Le règlement européen MiCA, applicable en France depuis fin 2024, transforme en profondeur l’encadrement des crypto-actifs. En 2026, particuliers et plateformes vivent la phase concrète de mise en conformité, avec un changement de statut, une protection renforcée et de nouveaux droits qui méritent une lecture précise.
MiCA, un cadre européen unifié pour les crypto-actifs depuis 2024
Le règlement (UE) 2023/1114, plus connu sous le nom de MiCA pour Markets in Crypto-Assets, a été adopté par le Parlement européen le 20 avril 2023 et publié au Journal officiel de l’Union européenne le 9 juin 2023. Il harmonise pour la première fois à l’échelle des vingt-sept États membres les règles applicables aux émetteurs et prestataires de services sur crypto-actifs, avec une application progressive entre juin 2024 pour les stablecoins et fin décembre 2024 pour les autres dispositions. Le texte intégral et ses actes délégués sont accessibles via EUR-Lex.

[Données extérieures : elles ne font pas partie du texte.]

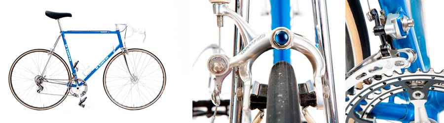 (DE) Dieses Dreambike wurde im originalen Brooklyn Blue restauriert, die Decals wurden reproduziert und unter dem Klarlack aufgebracht. Die wunderschöne Campagnolo Super Record Gruppe ist in neuwertigem Zustand und die Achsen sind aus Titan. Der Lenker ist von Hand in weißem Glattleder eingenäht.. Der San Marco Concor Profil Rennsattel rundet das klassische Design perfekt ab.

L’esprit de MiCA est double. Protéger les investisseurs particuliers contre les abus de marché, les défaillances de plateformes et le manque d’information, dans la continuité des leçons tirées de plusieurs effondrements de plateformes internationales entre 2022 et 2024. Mais aussi sécuriser la stabilité financière dès lors que certains crypto-actifs, particulièrement les stablecoins, deviennent susceptibles de jouer un rôle systémique en cas d’usage de masse. La Banque de France a publié plusieurs analyses techniques sur ces enjeux dès 2024.
MiCA s’applique aux crypto-actifs qui ne sont ni des instruments financiers traditionnels, ni des dépôts bancaires, ni des produits déjà couverts par une autre réglementation européenne sectorielle. Les NFT non fongibles au sens propre restent en principe hors champ, mais l’AMF a rappelé que la qualification dépend des caractéristiques effectives du jeton : un NFT émis en série fractionnée et représentant un actif standardisé peut basculer dans le champ MiCA. Les particuliers ayant investi sur ces produits hybrides doivent vérifier au cas par cas, comme exposé dans notre dossier sur la fiscalité NFT 2026.

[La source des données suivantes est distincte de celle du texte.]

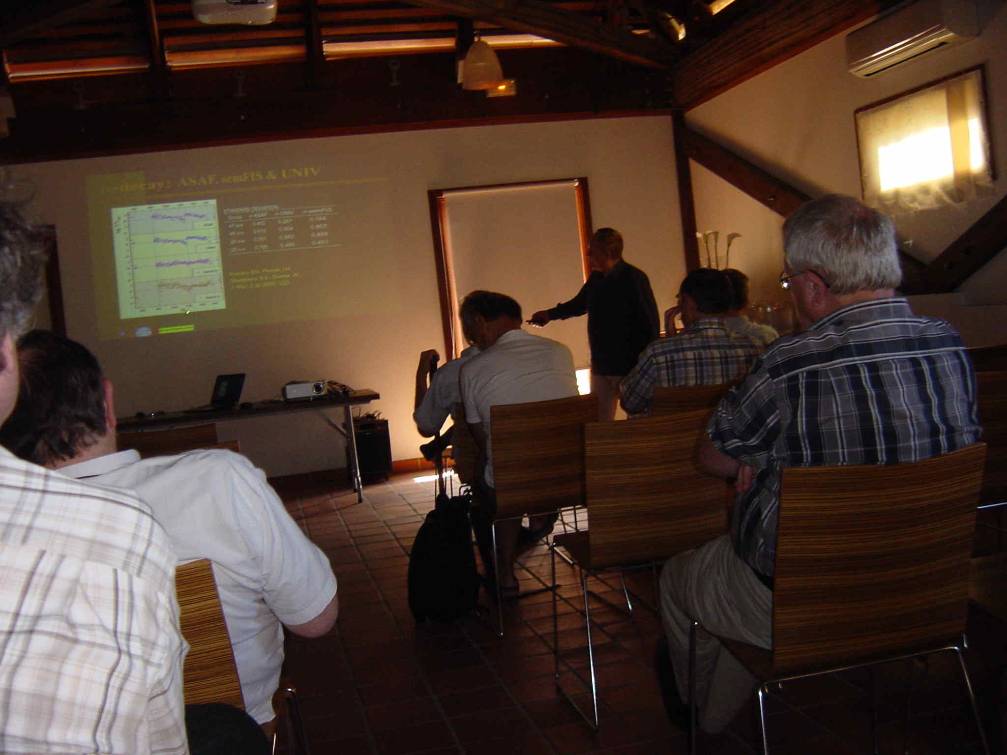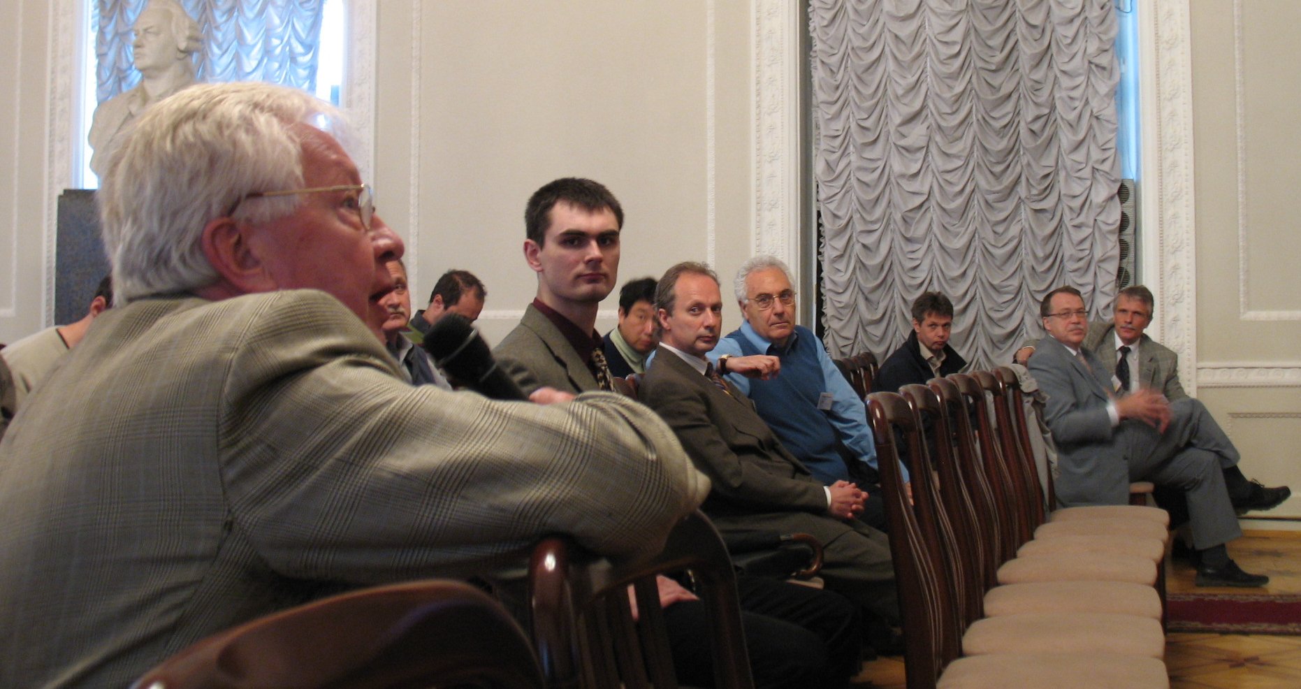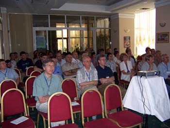 ISHIP2006 - International Symposion on Heavy Ion Physics - Gateway to the Unknown: Fundamentality-Complexity-Simplicity at FIAS, Frankfurt am Main, Germany, April 3-6, 2006. Photos: listening (D.N.P., V. I. Zagrebaev, L. P. Csernai, R. Stock, W. Greiner, Yu. Ts. Oganessian, A. Kostyuk, M. G. Itkis, M. I. Gorenstein) smiling .

Ce qui change concrètement pour les particuliers en France en 2026
Le premier effet visible pour un particulier résidant en France est la transformation des plateformes par lesquelles il achète et conserve ses crypto-actifs. Une plateforme qui souhaite continuer à proposer ses services en 2026 doit avoir obtenu, ou être en cours d’obtention, l’agrément européen CASP délivré en France par l’AMF après avis conforme de l’ACPR pour les aspects prudentiels. Les exchanges qui n’ont pas engagé cette démarche ont déjà cessé de servir la clientèle européenne ou se sont reportés sur des structures non régulées hors UE, exposant alors les clients à un risque accru sans recours européen.
Côté droits, le particulier bénéficie de plusieurs garanties nouvelles : ségrégation effective de ses crypto-actifs par rapport au bilan de la plateforme, information claire sur les risques avant chaque opération, livre blanc obligatoire pour la plupart des jetons non utilitaires, et politique de gestion des conflits d’intérêts publiée. La AMF détaille les nouveaux droits de la clientèle particulier dans ses fiches pédagogiques.
En matière de marketing, les communications promotionnelles relatives aux crypto-actifs sont désormais encadrées comme celles des autres produits financiers. Une mention de risque visible, équilibrée et adaptée au produit doit accompagner toute communication, y compris sur les réseaux sociaux et auprès des influenceurs. Le particulier qui voit une publicité crypto en 2026 doit pouvoir identifier rapidement le prestataire agréé, son numéro CASP et un avertissement standardisé. Cet aspect rejoint la lutte contre les arnaques crypto, déjà documentée dans notre comparatif crypto via banque traditionnelle.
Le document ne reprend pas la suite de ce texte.